Excel &%$# and never-ending email and f***ing finances. Can I ever be a good enough friend, wife, daughter, or professional? When I’m in the woods the tasks are straightforward and the benefits immediate. Basic competency is easily achievable and incremental improvement accessible. I take pride in doing simple things well.
2) Living is nice.
Basic survival makes me really like living. Nothing like some physical deprivation and discomfort to put existential anxiety in its place.
Sometimes just being alive is satisfying. At the end of a day not much else matters. Things like being warm and well fed become deeply enjoyable.
3) Un-fucking-plug.I unplug from the constant nagging of the world. It’s not just social media, or politics, or my own to-do list. It’s the constant hum of humanity. It’s not a recent problem. Since the dawn of civilization sages and scientists have written about the need for humans to step out of our cultivated environment back into nature.

It’s just gotten harder.
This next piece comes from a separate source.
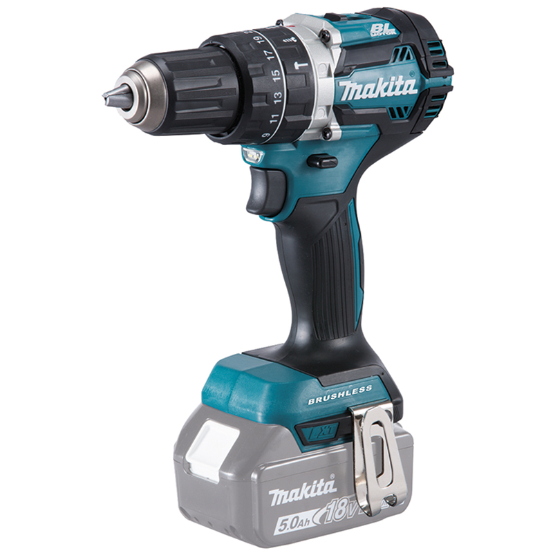 Links- und Rechtslauf, Aluminium-Getriebegehäuse, ohne Kohlebürsten, verstärkter Feuchtigkeits- und Staubschutz mit dem XPT-System, Vollmetall-Planetengetriebe, Schiebeschalter für Drehrichtungsänderung im Handgriff integriert, Drehmoment in 2x 21 Stufen einstellbar, mit Bohrstellung, abschaltbares Schlagwerk, automatische Spindelarretierung für einhändigen Werkzeugwechsel, Rutschkupplung und Motorbremse, temporisierte Doppel-LED-Beleuchtung, Griff mit weichem Belag für hohen Arbeitskomfort, Gürtelclip, ohne Akku, ohne Ladegerät,

Where else can I not just unplug from work, but from layers of construct and meaning?
4) Spontaneous mediation.
I once broke down crying after a meditation retreat because I had been trying too hard to meditate.
During extended time in the woods I don’t have to try to meditate, it just seeps in between the cracks. As life gets simpler and slower, contentment finds me when I’m not even looking.

Some general advice for getting out in the woods:
- Ease in and out. It can be a big shift in environment. Be gradual in slowing down into the woods and then in ramping back up into city life.
- Set yourself up for a positive experience. Don’t go in over your head – be prepared. Take on only as much wilderness as you are ready for. It’s not a competition in hardship.
- Give it time. There are not many things in which you get great benefit done only one weekend once a year. If you’re sold on the benefits of being in nature, then give it an honest commitment.
- It’s not magic. Don’t expect instant miracles of self fulfillment. It doesn’t need to be a Disney princess forest wonderland.